There is a limited group of cases in which it has been held that the existence of the right to receive certain items of income did not result in the accrual of those items for income tax purposes. Marguerite Hyde Suffolk and Berks, 40 B. T. A. 1121; American Fork & Hoe Co., 33 B. T. A. 1139; Oregon Terminals Co., 29 B. T. A. 1332; Emanuel Solomon Ullmann, 30 B. T. A. 164; Atlantic Coast Line Railroad Co., 31 B. T. A. 730, 749; Great Northern Railway Co., 8 B. T. A. 225, 269. In all of those cases the taxpayers were on the accrual basis and it was held that even though the income was earned in the taxable year the taxpayers were justified in failing to accrue the said items where collection thereof was highly improbable or there was little or no likelihood of collection in the future. There is no showing or claim of any such situation here.

For the reasons set forth, the conclusion that the fees and commissions owing to McGlue for services rendered as coexecutor of the two estates were accrued at his death and taxable under section 42, supra, for the period ending with his death, seems to me inescapable.

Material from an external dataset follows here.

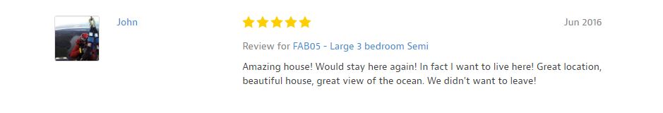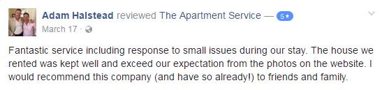 Fantastic service including response to small issues during our stay. The house we rented was kept well and exceed our expectation from the photos on the website. I would recommend this company (and have so already!) to friends and family.

I therefore note my dissent.

Hill agrees with this dissent.

Sections 42 and 43. Income accrued and accrued deductions of decedents: Tile courts have held that income accrued by a decedent on the cash basis prior to his death is not income to the estate, and under the present law, unless such income is taxable to the decedent, it escapes income tax altogether. By the same reasoning, expenses accrued prior to death cannot be deducted by the estate. Section 42 has been drawn to require the inclusion in the income of a decedent of all amounts accrued up to the date of his death regardless of the fact that he may have kept his books on a cash basis. Section 43 has also been changed so that expenses accrued prior to the death of the decedent may be deducted.

Sections 42 and 43. Period for which deductions and credits taken. The courts have held that income accrued prior to the death of a decedent on the cash basis is not income to his estate, and under the present law, unless such income is taxable to the decedent, it escapes income tax altogether. By the same reasoning, expenses accrued prior to death cannot be deducted by the estate. Sections 42 and 43 of the House bill were so drawn as to require the inclusion in the income-tax return for the decedent of all items of income and deductions accrued up to the date of death regardless of the fact that the decedent may have kept his books on a cash basis. The change made in section 43 is necessary to effectuate the policy adopted in the House bill in section 42. By reason of the proposed change such items as accrued dividends and interest on partially tax-exempt securities are permitted as a credit in computing the normal tax.